Tercero, ¿en serio hay que suponer que el actual gobierno tiene que mirar a la plaza para gobernar? Se lo ha presentado como un presidencialismo débil, pero los presidencialismos de minoría, si son inteligentes (no sé si esto es variable interviniente aquí), no siempre terminan en el uso abusivo del decretismo. La experiencia latinoamericana comparada muestra cómo algunos presidencialismos minoritarios lograron coaliciones ideológicas estables y capturar el mágico número de 45 % de la presencia parlamentaria. Frente a los 38 diputados de FCN, y en atención al diverso espectro de pequeños partidos de centroderecha existentes (pero que comparten temáticas), se puede llegar a ese 45 % o a 72 diputados en total (usando un universo de 160 parlamentarios).
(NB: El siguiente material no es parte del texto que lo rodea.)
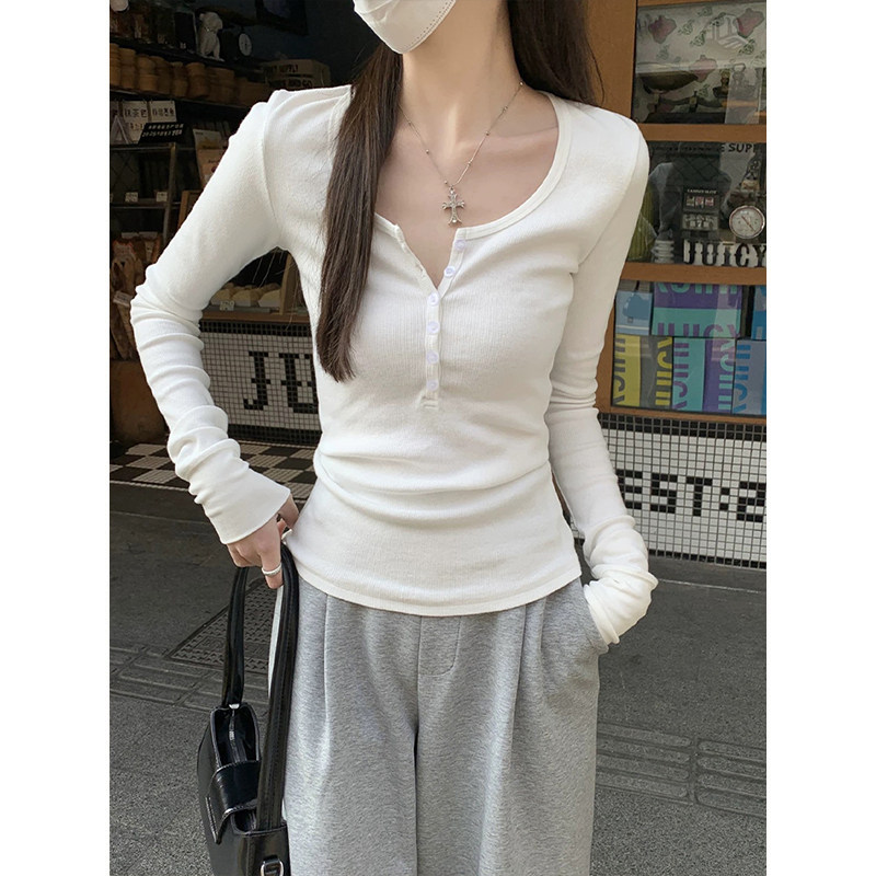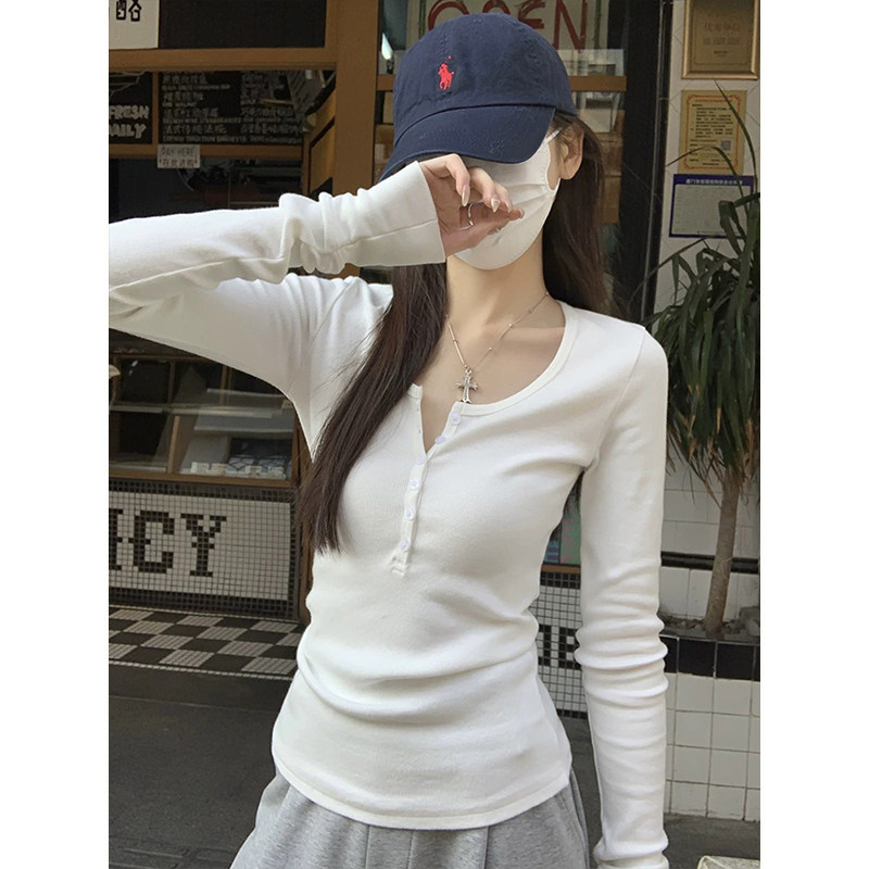 T恤秋修身 正肩内搭上衣 半开领纽扣长袖 MosesQueen魔西女王美式由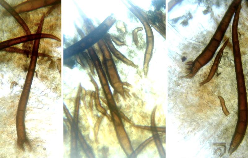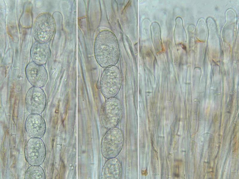 I think this Scutellinia is different from any I've seen so far. It most closely matches S. olivascens, except for the substrate because it did not grow on the ground but on the bark of a tree. Otherwise, it is very large, about 1 cm in diameter. Spores are 20-25.6 x 13-16 µm. Hairs 200-750 µm.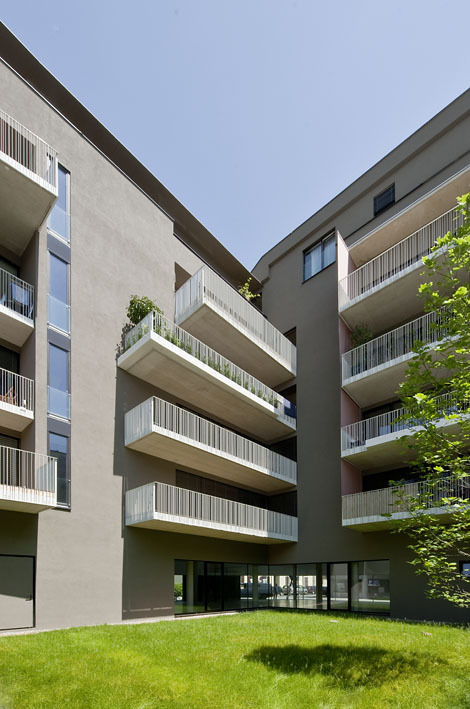 Bei der Planung wurden Flexibilität und offenes Wohnen in den Vordergrund gestellt. Auffällig sind die Säulen, die selbstbewusst im Raum stehen, zum einen aus statischen Gründen, zum anderen, um flexible Grundrisse zu ermöglichen. Die Trennwände sind zum Großteil in Leichtbauweise ausgeführt. Alle Betonflächen sollten als Sichtbeton erhalten bleiben, wogegen sich jedoch manche Eigentümer aussprachen. Statt einer Reihe gleich genormter Fenster finden sich große Parapetunterschiede: Einige Fenster beginnen 90 cm oberhalb des Bodens, andere bei 30 oder 40 cm, manche sind raumhohe Verglasungen.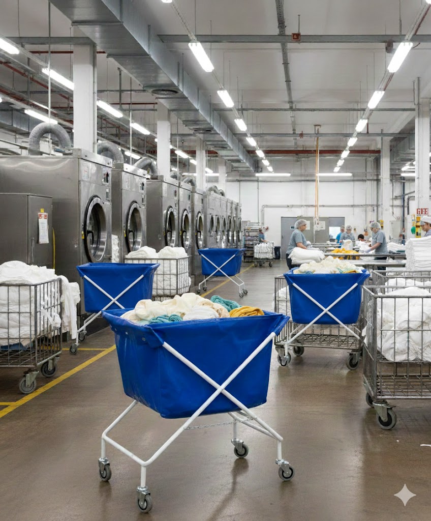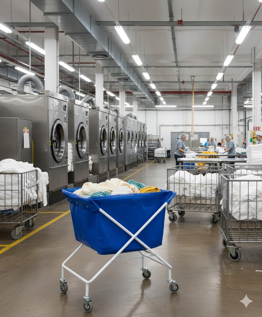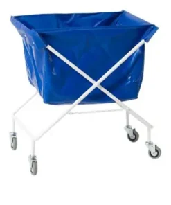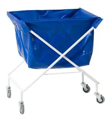 Sammenklappelig rørvogn med slidstærk plastpose og 4 drejelige hjul. Ideel til transport af vasketøj i vaskerier, hoteller og institutioner.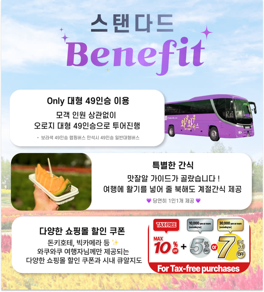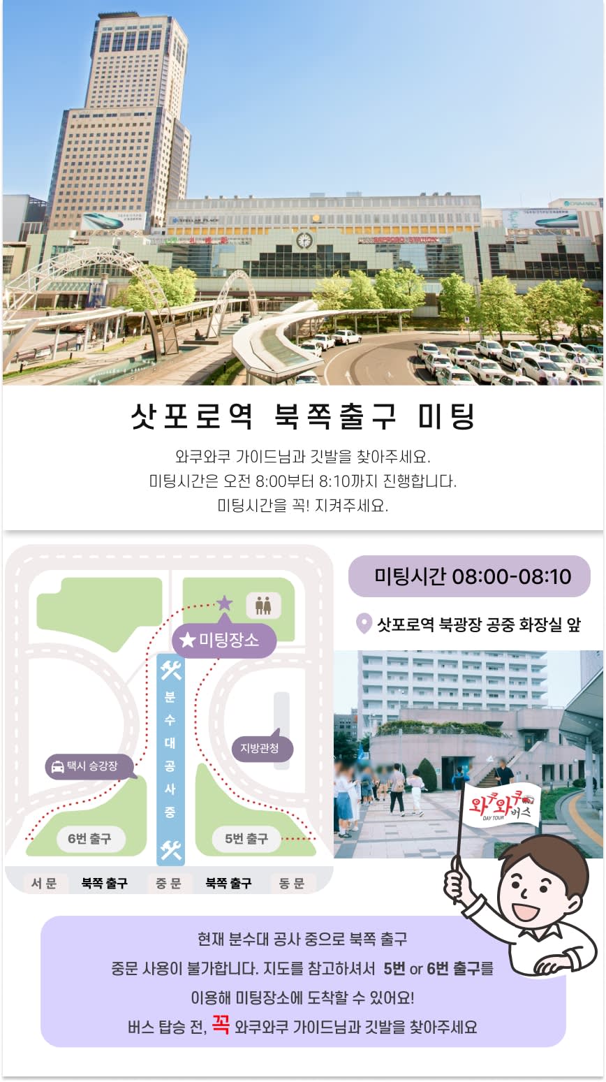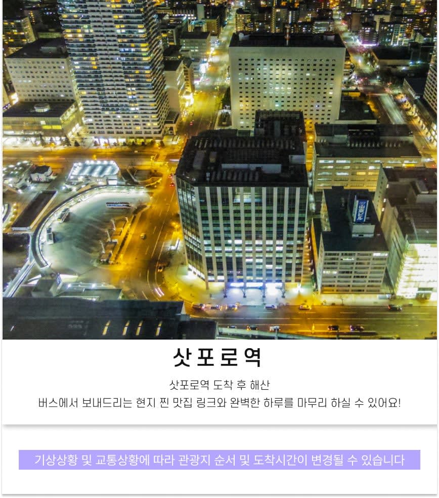 🍦 맛잘알 가이드의 북해도 계절간식 1인 1개 제공! 🗣 말 안 통해서 눈치 볼 일 NO! 알잘딱깔센 한국인 가이드가 현지 꿀팁까지 전달 완료~ 🎁 재방문 고객님께만 드리는 소소한 스페셜 선물! (지역 특산 선물까지 있는 건 안 비밀!) 🧠 관광지 가는 길도 심심할 틈 없이! 365 퀴즈 타임으로 깨알 재미까지! 🛍️ 맛집 고민 끝! QR 맛집 지도 + 돈키호테 쿠폰까지 알차게 가져가세요!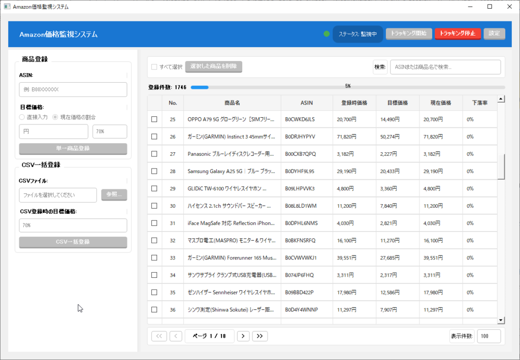 「ランキング」「価格範囲」「新品出品者数」「価格下落率」などこちらで設定した条件に一致する商品を1分単位で取得し通知するシステムです。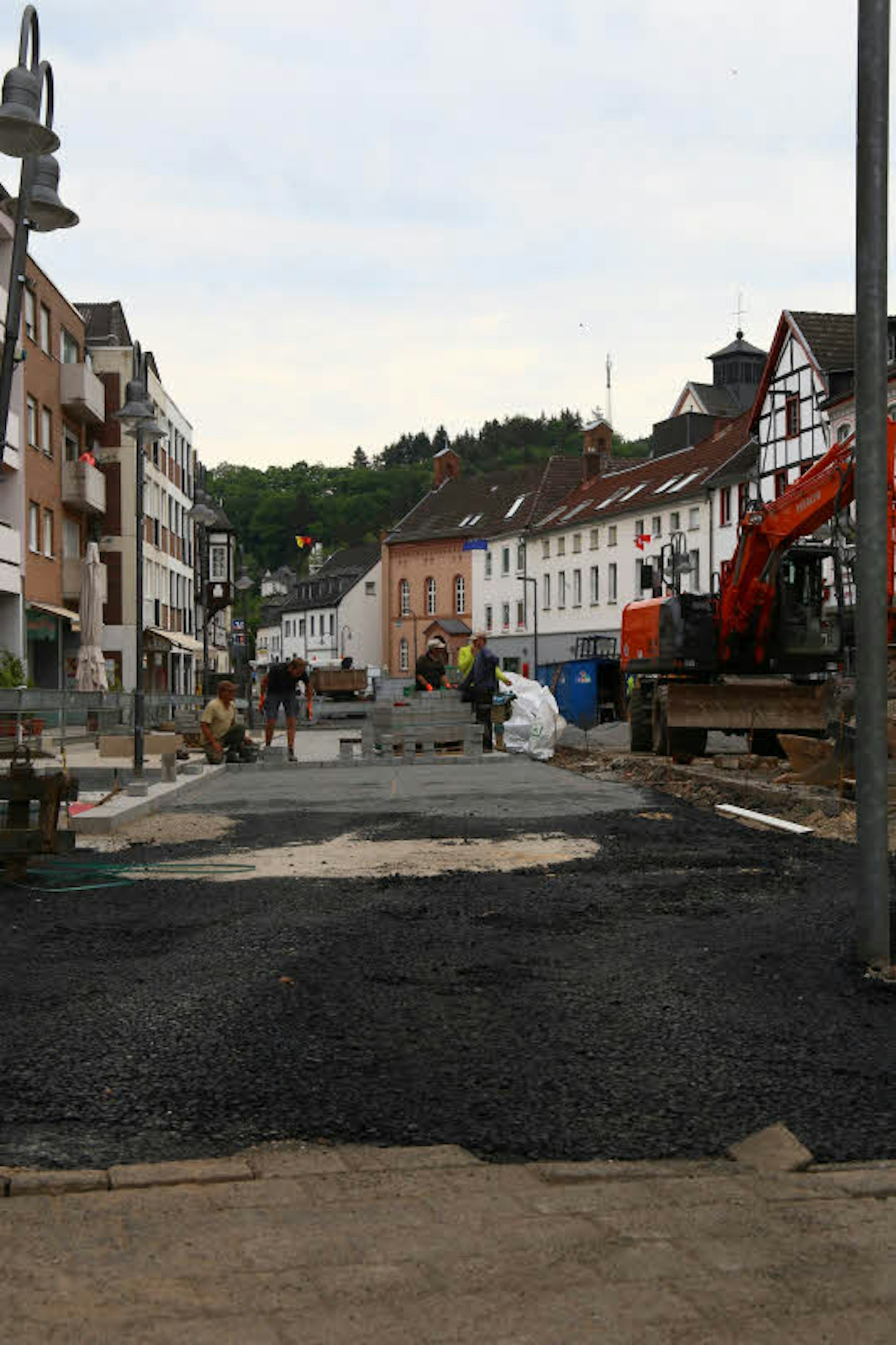Auf die Frage, wie es für die Männer der Baufirma denn so läuft, antwortet Schachtmeister Horst Stoff: „Wunderbar. Ich kann mich nicht beklagen. Wir wollen, dass es so wenig Belästigungen gibt wie möglich. Jetzt versuchen wir, den Platz in der Mitte komplett fertigzustellen, damit die Schleidener wieder einen sauberen Markt haben.“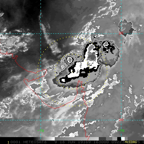 To view a loop of all images from this storm, click any of the "Loop" buttons without selecting any specific images. To select a specific range of images click an option for "Starting Image" and "Ending Image", and then click any of the "Loop" buttons.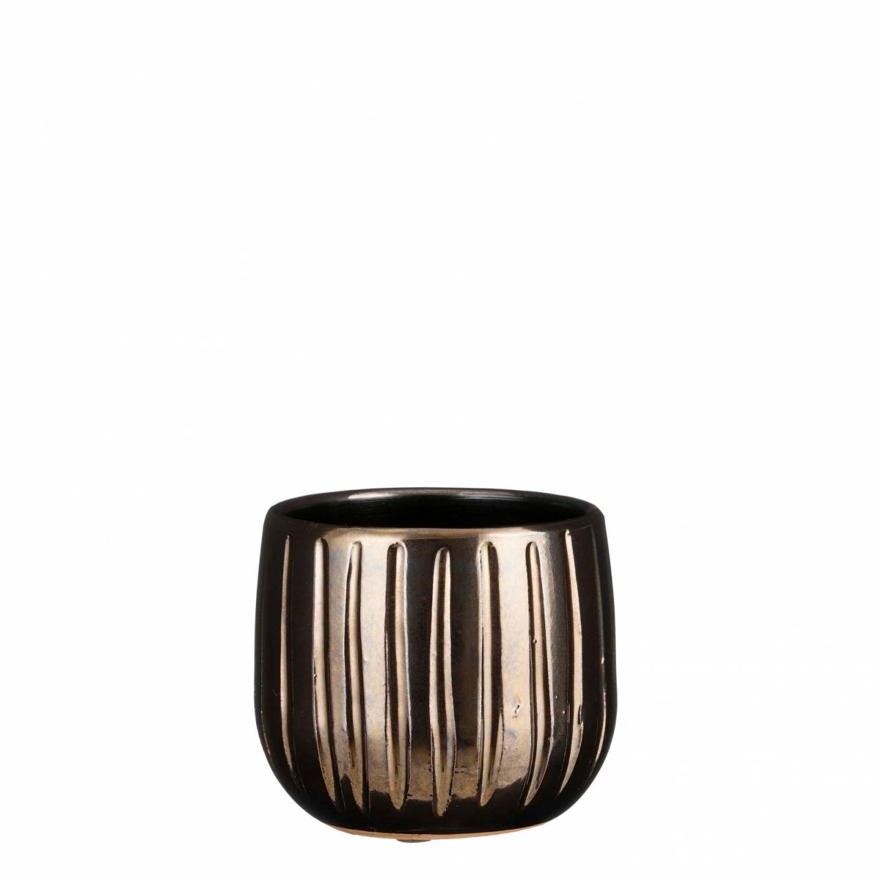 Prefinjen okrasni lonec Pablo Bronze Ribble navdušuje s svojo elegantno rebrasto strukturo in toplim bronastim odtenkom, ki prostoru doda občutek razkošja. Sijoča kovinska glazura poudari detajle teksture in ustvari prestižen videz, ki se odlično ujema z zelenimi rastlinami in sodobnimi interierji. Zaradi kompaktne velikosti je popolna izbira za manjše sobne rastline, kaktuse ali sukulente.Lastnosti: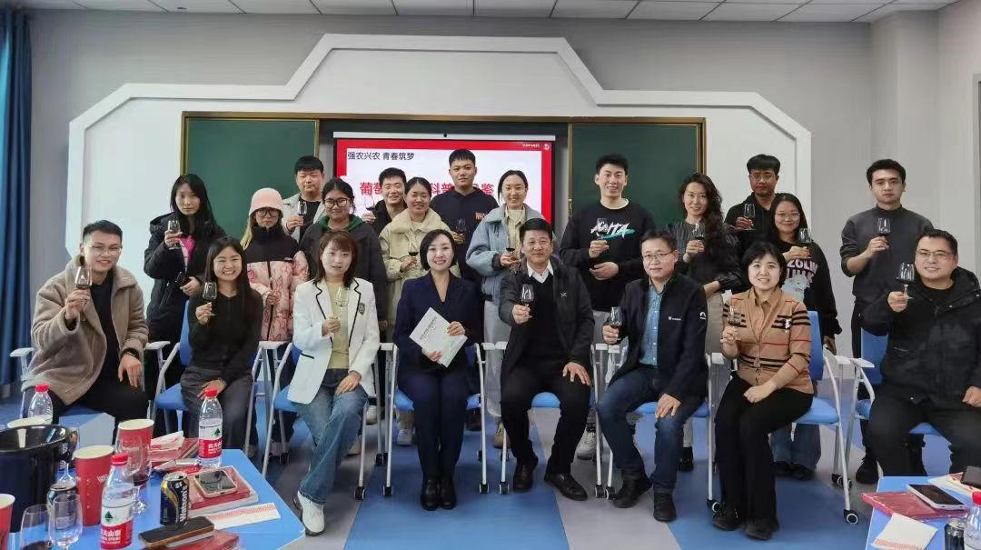 活动结束后,同学们与老师们共同举杯合影留念。通过此次活动,同学们了解了我国宁夏地区的“紫色名片”,对葡萄酒从田地到餐桌的历程有了新的认识。深刻感受到,作为新时代食品学子,应厚植强农兴农情怀,志存高远,保持初心,拼搏进取,为促进我国食品领域创新发展做出新的贡献。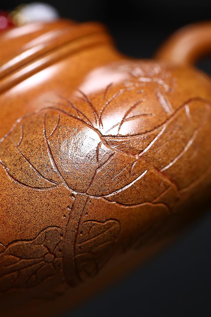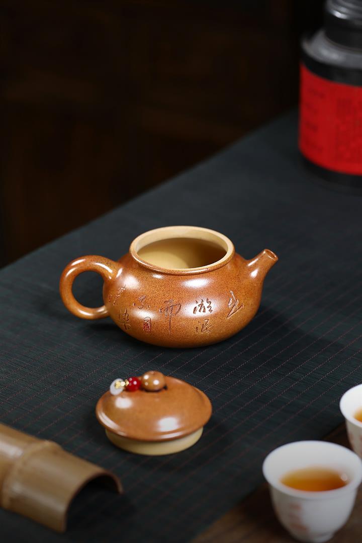 【作品介紹】此款壺形線條流暢,壺把,壺嘴,壺身壹氣呵成栩栩如生,是收藏把玩的好壺,泥料色澤古樸典雅,日久使用,漸露鋒芒,養成變化快,溫潤莊重,用其泡茶,使用的年代久,壺身就溫潤,泡出來的茶湯也就醇郁芳馨。
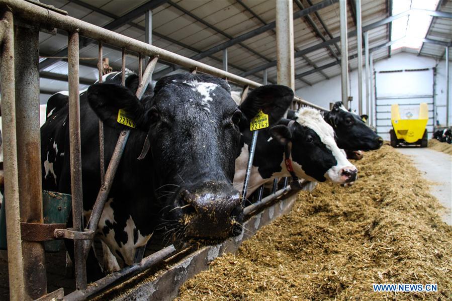 Photo taken on April 19, 2017 shows a cow farm in the village of Lipnice, near the Polish capital of Warsaw. The European Union (EU) is one of the largest milk suppliers to Chinese market, with Poland accounting for a share of 12.7%, according to Director of Polish Milk Chamber Agnieszka Maliszewska. Statistics from Poland's Ministry of Finance show that, despite the impact of COVID-19, the export of dairy products from Poland to China grew by 70% year on year in the first half of 2020. Recently, batches of Polish dairy products took freight trains to China for the occassion of Single's Day shopping festival in the country. (Xinhua/Chen Xu)

Las derechas también son heterogéneas, pero a diferencia de las izquierdas se unen y son pragmáticas ante situaciones de coyuntura. Basta simplemente con que las cámaras empresariales y los pequeños partidos de derecha perciban que de nuevo se abre un futuro escabroso en términos de los procesos por genocidio y con una agenda política sentada por Cicig-Embajada de Estados Unidos —definiendo los grandes ejes—, y el anterior escenario se comprueba.
Cuarto, suponer que se puede revivir la experiencia de la plaza abarrotada del 25A obliga a reconocer el carácter de ese momento: el reclamo fue fiscal, no en términos de derechos humanos o de modificación de tenencia de la tierra. Ya sabemos que en las sociedades estamentales los contextos medios adquieren beligerancia política ante la temática fiscal y que desde su posición de clase (la de ellos, no la obrera) la decisión más pragmática hubiese sido aprovechar el descontento para meter diputados. Entendiendo que, salvo que la Cicig destape otro escándalo de esa magnitud, la plaza no volverá a llenarse.
A todas luces, el reto es, en prospectiva, por los siguientes cuatro años, insertarse en el sistema y resistir, sí, allí, desde la práctica del partido sentando agenda o haciendo escabroso el camino. Mucha falta nos haría en este momento un partido progresista con una bancada de presencia relativa.
Así las cosas, cuando este pragmatismo político en el universo progre no está, es comprensible que el eje de temáticas de corte progre tenga que venir por vía de la tutela de cooperación.
¿Cuál es el error que se comete?
Hacemos lo perfecto enemigo de lo bueno.